We finally did it last year. In 2016, we hit the 20-week mark for the average wait time for treatment by a specialist (across 12 medical specialties) after referral from a general practitioner. Canada’s national shame had reached a record high of 20 weeks, a far cry from the 9.3-week wait measured by the Fraser Institute’s annual survey in 1993.

One would have thought, nay, hoped, that this milestone would have served as a wake-up call to rally politicians and policymakers to improve the dismal situation faced by patients in our country. And yet, this year’s survey finds that wait times have gotten even worse. At 21.2 weeks, between referral from a GP to receipt of treatment, patients waited longer than ever for treatment in 2017.

Did you catch that this problem has only been growing worse over the years, not better? And it’s not as though Canadian politicians don’t know what’s going on; they simply don’t care enough to fix it. Our politicians would adopt that attitude as well, or at least, enough of them prevent any real reform. Remember when, in POTUS Trump’s first year in office, he couldn’t get enough Republicans to sign onto repealing Obamacare? Members of his own party?

As for funding, there will never be enough to satisfy the needs or wants of our people. The Wall Street Journal reported last year:

Seventy years after its foundation, Britain’s beloved National Health Service, which delivers free care for all, is in trouble. Hospitals were so overcrowded last month that a record 24% of patients waited for more than four hours in emergency rooms to receive medical attention, the worst monthly showing since the service began tracking that metric in 2010. Thousands of operations have been delayed or suspended, patients are being left to recover from major operations in hospital corridors, and the system is struggling with a severe shortage of doctors and nurses.

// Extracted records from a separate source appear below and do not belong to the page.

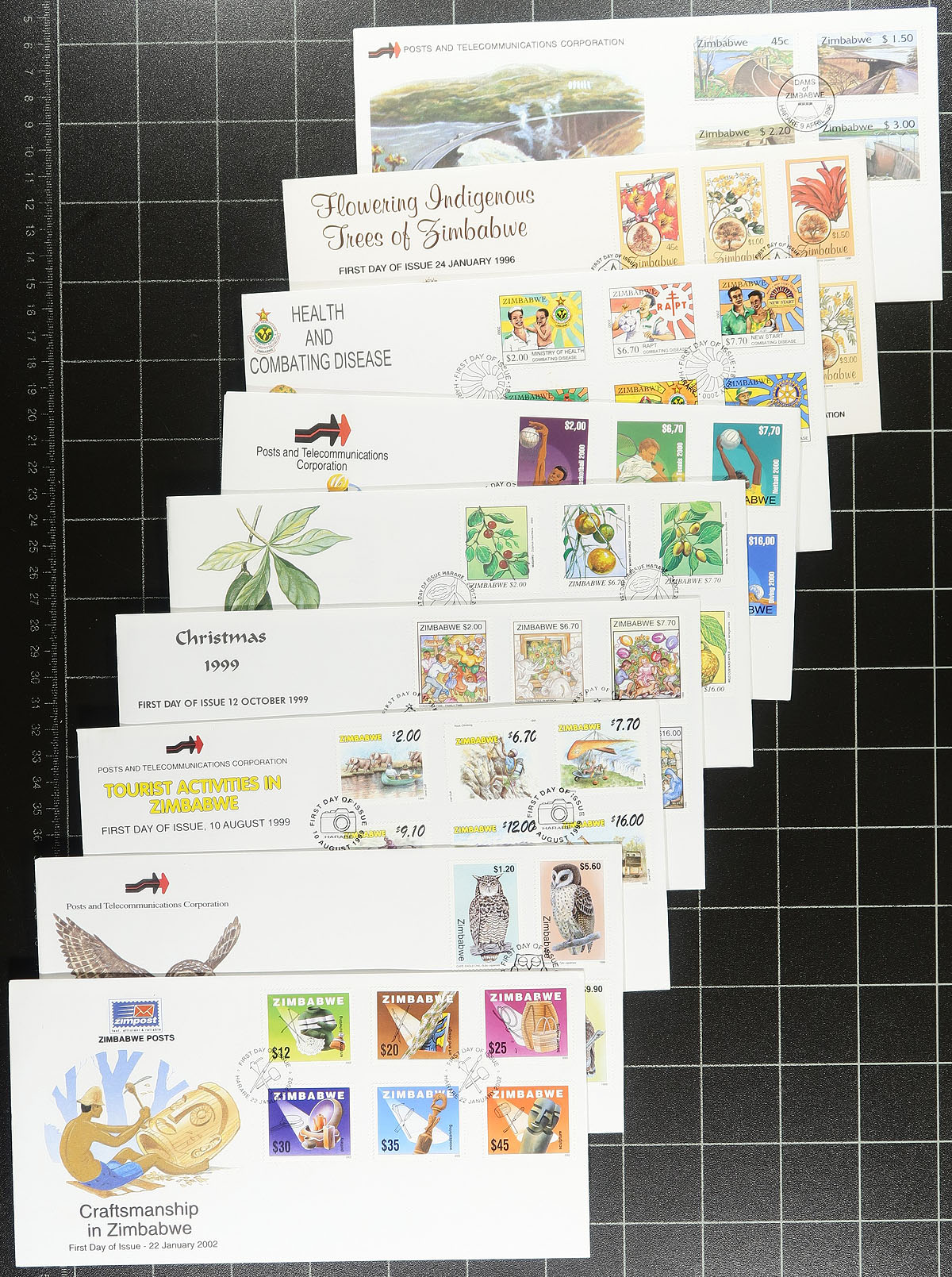 Nice collection of Zimbabwe first day covers, 1980-2000, containing roughly 125 covers noting primarily set frankings. Scott 2026 catalogue value for the stamps totals US$486.00. A lovely lot for topical and thematic collectors as we note a variety of good subjects including birds, scenic views, animals, flowers, and much more. A few covers have bent corners, overall a very nice lot. Estimate =
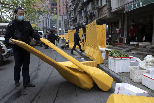 신종 코로나바이러스 감염증(코로나19) 발원지인 중국 우한에서 봉쇄 해제를 사흘 앞둔 5일 시청 공무원이 통행 차단 바리케이드를 치우고 있다. 연합뉴스
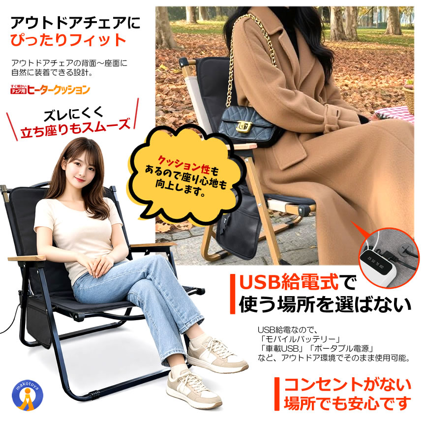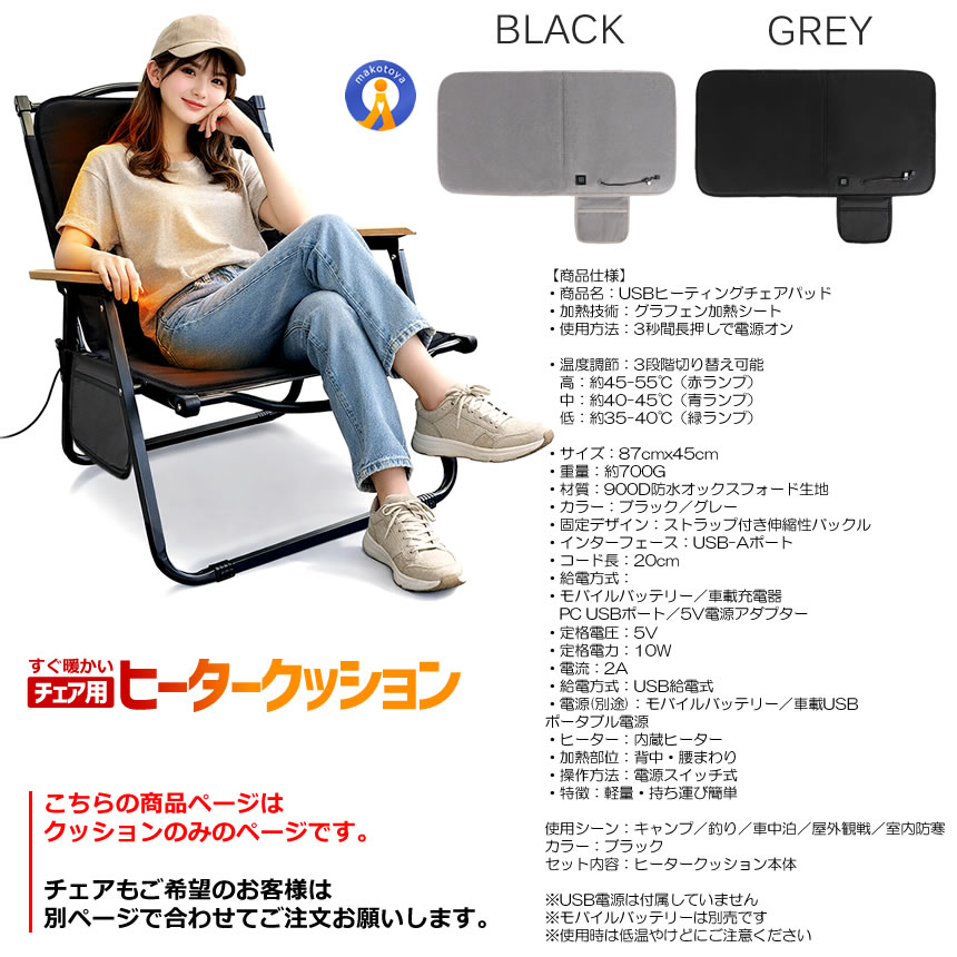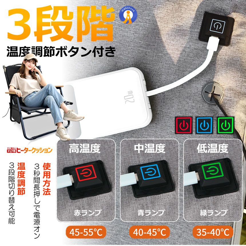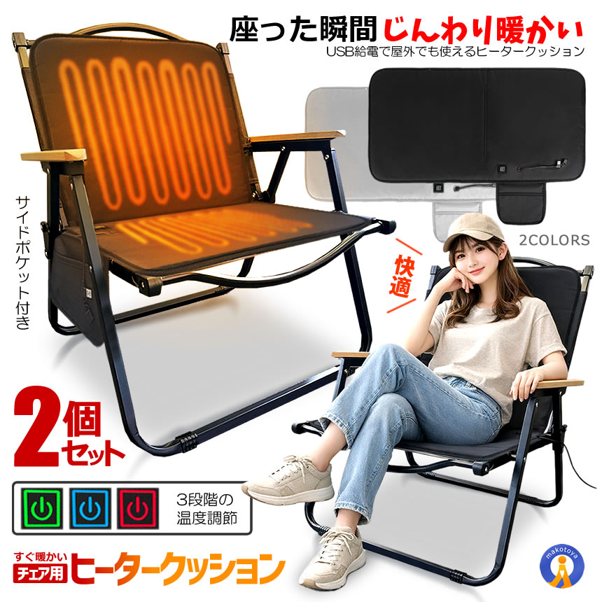 2個セット アウトドアチェア USB ヒータークッション 3段階温度調節 アウトドア ヒーター チェア ヒーター キャンプ USBHITA

Opposition politicians are calling for the Conservative government of Theresa May to pour in more money, with many saying the system is a victim of unnecessary austerity. But policy makers say the solution requires more than just additional funds: Public-health spending in the U.K. is already at its highest level in history, at 7.4% of gross domestic product last year compared with 4.7% two decades ago. Focusing on the system’s short-term financial survival, a parliamentary committee determined last month, raises the risk that the government will ignore deep-seated structural issues that pose a graver threat.

“The National Health Service continues to scrape by on emergency handouts and funds that were intended for essential investment,” said Meg Hillier, a Labour lawmaker on the committee.

None of the problems — in Canada or in the UK — are new. They are inherent in a government-run system that stifles ingenuity, creativity, and, more importantly, the motivation to deliver a better product. You read that in Britain the NHS can’t even retain enough doctors and nurses; do you wonder why? People who are chronically overworked, underpaid, and short-staffed get burned out and leave.

Worse, in the UK, the healthcare system is so ingrained into the national psyche by now that it’s literally impossible to get rid of or change.

Is this the kind of healthcare system we should want in the U.S.? Of course not. But that’s the system Democrats want to give us.

And of course, that’s been the plan all along. In 2013 when he was still Senate majority leader, Democrat Harry Reid of Nevada was asked if Obamacare was simply a mechanism to get to full-on government-run healthcare. He said, “Yes, yes. Absolutely, yes.”

“What we’ve done with Obamacare is have a step in the right direction, but we’re far from having something that’s going to work forever,” Reid said.

Obamacare was designed to fail and it is failing. Rep. Yarmuth is merely following a pre-determined script. Democrats want to turn the healthcare system for 320 million people into one that doesn’t work for 37.2 million people (Canada) or 66 million (the UK).

That’s insane. But when your political party is all about controlling people instead of guaranteeing them the freedom to choose what’s best for them, it’s precisely the kind of policy you come up with.